17

I'm looking for a way to do exact array matches in elastic search. Let's say these are my documents:

{"id": 1, "categories" : ["c", "d"]}
{"id": 2, "categories" : ["b", "c", "d"]}
{"id": 3, "categories" : ["c", "d", "e"]}
{"id": 4, "categories" : ["d"]}
{"id": 5, "categories" : ["c", "d"]}

Is there a way to search for all document's that have exactly the categories "c" and "d" (documents 1 and 5), no more or less?

As a bonus: Searching for "one of these" categories should still be possible as well (for example you could search for "c" and get 1, 2, 3 and 5)

Any clever way to tackle this problem?

Pascal
  • 5,879
  • 2
  • 22
  • 34

2 Answers2

19

If you have a discrete, known set of categories, you could use a bool query:

"bool" : {
    "must" : {
        "terms" : { "categories" : ["c", "d"],
             minimum_should_match : 2
         }
    },
    "must_not" : {
        "terms" : { "categories" : ["a", "b", "e"],
             minimum_should_match : 1
         }
    }
}

Otherwise, Probably the easiest way to accomplish this, I think, is to store another field serving as a categories keyword.

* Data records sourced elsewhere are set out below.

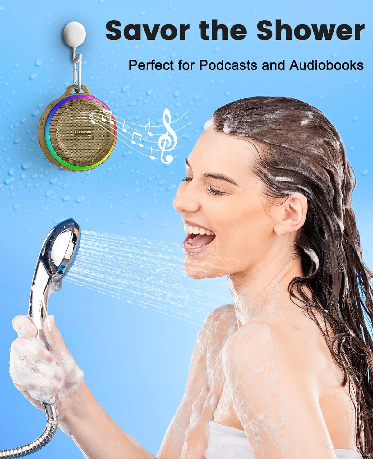 IPX7 Waterproof & Suction Cup: Shower Speaker upgrades IPX7 waterproof and dustproof with a solid suction cup, portable for a shower, swim, float, boat, kayak, pool, beach, gift and a lot.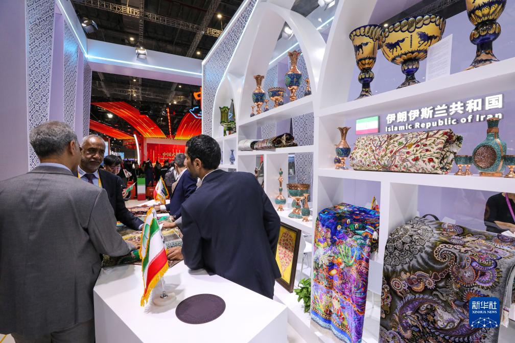 11月6日,參觀者在第六屆進博會國家展伊朗展臺與展商交談。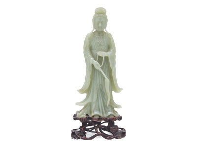 A Chinese Celadon Jade Figure of a Meiren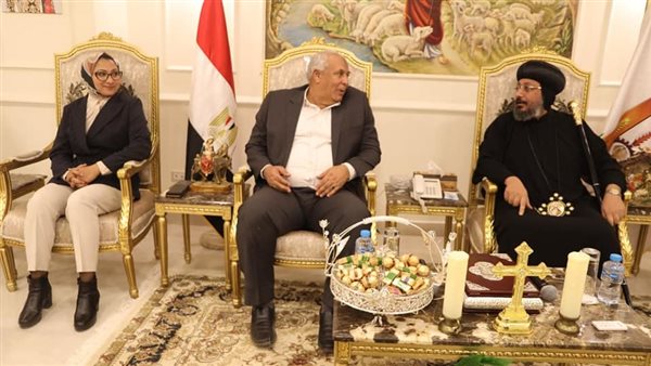 محافظ الوادي الجديد يزور كنيسة السيدة العذراء بالخارجة لتقديم التهنئة بعيد القيامة المجيد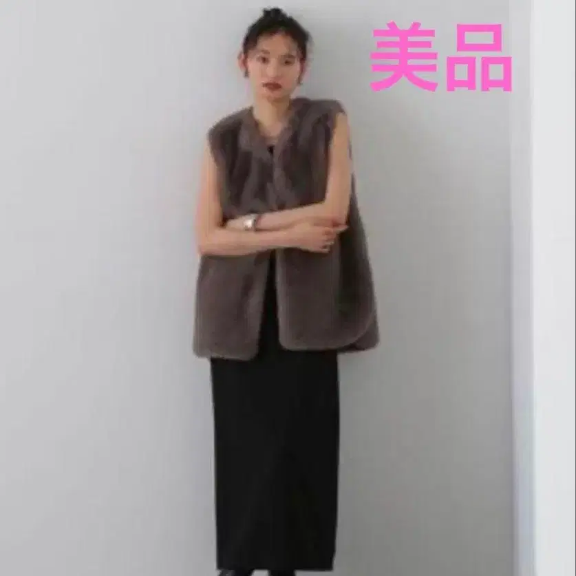 [ 새상품급 ] NATURAL BEAUTY BASIC 퍼 베스트 차콜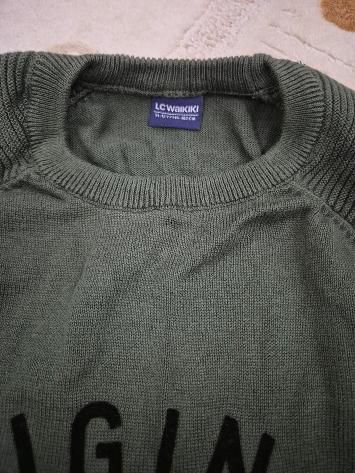 Yuvarlak yakalı, uzun kollu erkek çocuk kazak, yumuşak yün kumaştan, gri-yeşil tonlarında. Salaş kesim, sade örme deseniyle sokak tarzına uygun.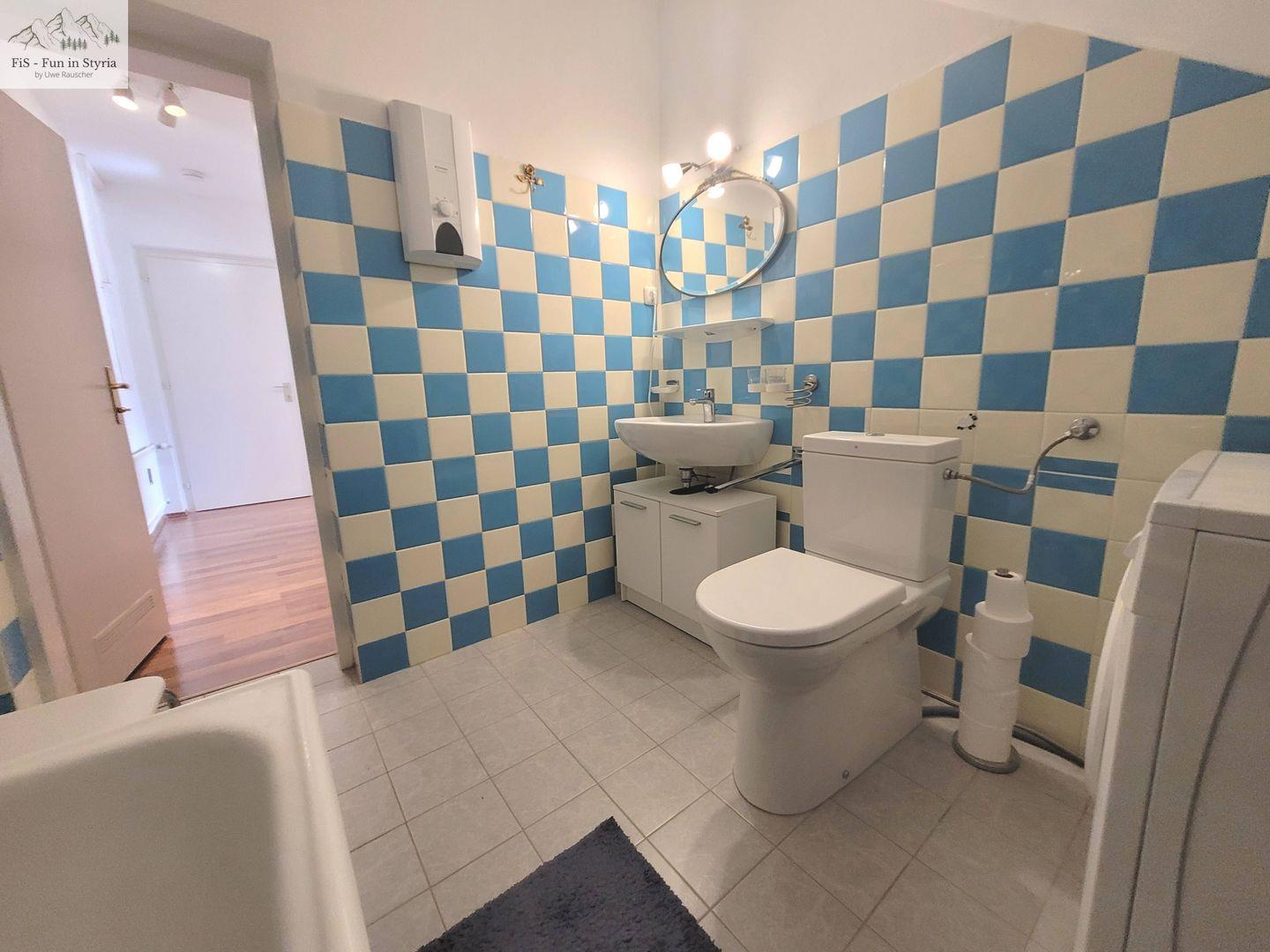 *Bitte beachten Sie, dass sich das Badezimmer unter einer Dachschräge befindet und somit das Duschen im Stehen nur für kleinere Personen möglich ist!*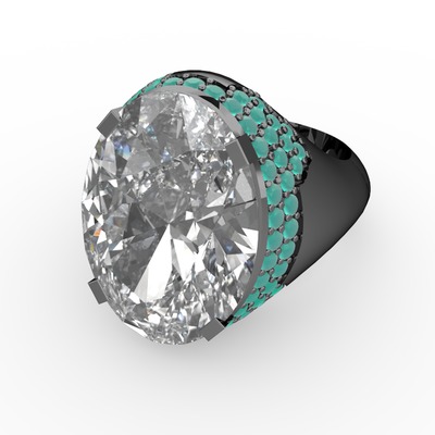 Swarovski ve kök zümrüt 925 ayar siyah rodyum kaplama gümüş yüzük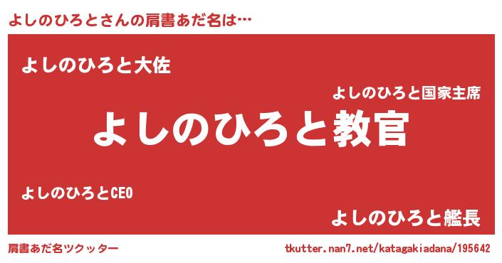 | 男性向けラノベタイトル風あだ名 | 『魔弾の王とよしのひろと』 |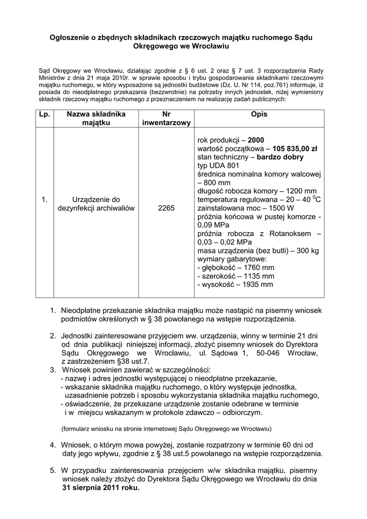 Ogłoszenie o zbędnych składnikach rzeczowych majątku ruchomego Sądu Okręgowego we Wrocławiu Sąd Okręgowy we Wrocławiu, działając zgodnie z § 6 ust. 2 oraz § 7 ust. 3 rozporządzenia Rady Ministrów z dnia 21 maja 2010r. w sprawie sposobu i trybu gospodarowania składnikami rzeczowymi majątku ruchomego, w który wyposażone są jednostki budżetowe (Dz. U. Nr 114, poz.761) informuje, iż posiada do nieodpłatnego przekazania (bezzwrotnie) na potrzeby innych jednostek, niżej wymieniony składnik rzeczowy majątku ruchomego z przeznaczeniem na realizację zadań publicznych: Lp. 1. Nazwa składnika majątku Urządzenie do dezynfekcji archiwaliów Nr inwentarzowy 2265 Opis rok produkcji – 2000 wartość początkowa – 105 835,00 zł stan techniczny – bardzo dobry typ UDA 801 średnica nominalna komory walcowej – 800 mm długość robocza komory – 1200 mm temperatura regulowana – 20 – 40 0C zainstalowana moc – 1500 W próżnia końcowa w pustej komorze 0,09 MPa próżnia robocza z Rotanoksem – 0,03 – 0,02 MPa masa urządzenia (bez butli) – 300 kg wymiary gabarytowe: - głębokość – 1760 mm - szerokość – 1135 mm - wysokość – 1935 mm 1. Nieodpłatne przekazanie składnika majątku może nastąpić na pisemny wniosek podmiotów określonych w § 38 powołanego na wstępie rozporządzenia. 2. Jednostki zainteresowane przyjęciem ww. urządzenia, winny w terminie 21 dni od dnia publikacji niniejszej informacji, złożyć pisemny wniosek do Dyrektora Sądu Okręgowego we Wrocławiu, ul. Sądowa 1, 50-046 Wrocław, z zastrzeżeniem §38 ust.7. 3. Wniosek powinien zawierać w szczególności: - nazwę i adres jednostki występującej o nieodpłatne przekazanie, - wskazanie składnika majątku ruchomego, o który występuje jednostka, uzasadnienie potrzeb i sposobu wykorzystania składnika majątku ruchomego, - oświadczenie, że przekazane urządzenie zostanie odebrane w terminie i w miejscu wskazanym w protokole zdawczo – odbiorczym. (formularz wniosku na stronie internetowej Sądu Okręgowego we Wrocławiu) 4. Wniosek, o którym mowa powyżej, zostanie rozpatrzony w terminie 60 dni od daty jego wpływu, zgodnie z § 38 ust.5 powołanego na wstępie rozporządzenia. 5. W przypadku zainteresowania przejęciem w/w składnika majątku, pisemny wniosek należy złożyć do Dyrektora Sądu Okręgowego we Wrocławiu do dnia 31 sierpnia 2011 roku. 6. Osobą upoważnioną do kontaktu w sprawie w/w składnika majątku jest: - Pan Kazimierz Jurowski – Kierownik Oddziału Gospodarczego, tel. 071/ 37-04-224, [email protected] - Pani Izabela Graczyk – Inspektor Sądu Okręgowego we Wrocławiu, tel. 071/ 37-04-294, [email protected] EEEEEEEEEE.., dnia EEEE EEEEEEEEEEEEEEEEE nazwa, siedziba i adres podmiotu występującego o nieodpłatne przekazanie składnika rzeczowego majątku ruchomego Pani (((((((((((((((. Dyrektor Sądu Okręgowego we Wrocławiu WNIOSEK o nieodpłatne przekazanie składnia rzeczowego majątku ruchomego 1. Wskazanie składnika rzeczowego majątku ruchomego, którego dotyczy niniejszy wniosek (należy podać składnik rzeczowy majątku ruchomego, który będzie podlegał przekazaniu) 2. Wskazanie sposobu przekazania wyżej wymienionego składnika rzeczowego majątku ruchomego (należy zakreślić odpowiednia pozycję) na czas oznaczony na czas nieoznaczony bez zastrzeżenia obowiązku zwrotu 3. Oświadczenie Oświadczam, że przekazany składnik rzeczowy majątku ruchomego zostanie odebrany w terminie i miejscu wskazanym w protokole zdawczo – odbiorczym. EEEEEEEEEEEE. pieczątka, podpis
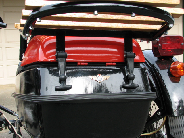 Due to the flimsy trunk lid attachments of the Sputnik your spare mount will have to either go from the frame around, through, or behind the body. If one had a tank or fuel cell in the sidecar trunk the opening lid could be eliminated and the tire mount could be installed within the rear sidecar body with just the mounting flange visible.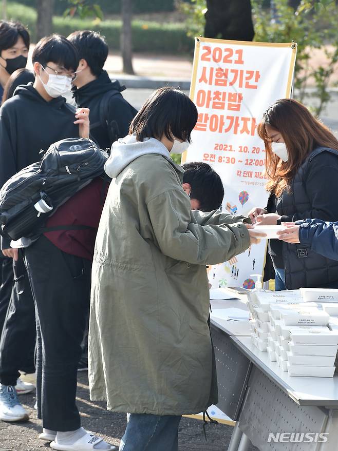 [경산=뉴시스] 이무열 기자 = 21일 오전 경북 경산시 대구대학교 사범대학 앞에서 학생들이 학생처가 준비한 아침밥을 나눠 받고 있다. 이번 행사는 아침식사 결식률이 높은 대학생들의 아침밥 먹는 문화를 확산하고 2학기 중간고사를 응원하기 위해 마련됐다. 2021.10.21. lmy@newsis.com

{"id": 1, "categories" : ["c", "d"], "categorieskey" : "cd"}

Something like that. Then you could easily query with a term query for precisely the results you want, like:

term { "categorieskey" : "cd" }

And you could still search non-exclusively, as;

term { "categories" : "c" }

Querying for two categories that must both be present is easy enough, but then preventing any other potential categories from being present is a bit harder. You could do it, probably. You'dd probably want to write a query to find records with both, then apply a filter to it eliminating any records with categories other than the ones specified. It's not really a sort of search that Lucene is really designed to handle, to my knowledge.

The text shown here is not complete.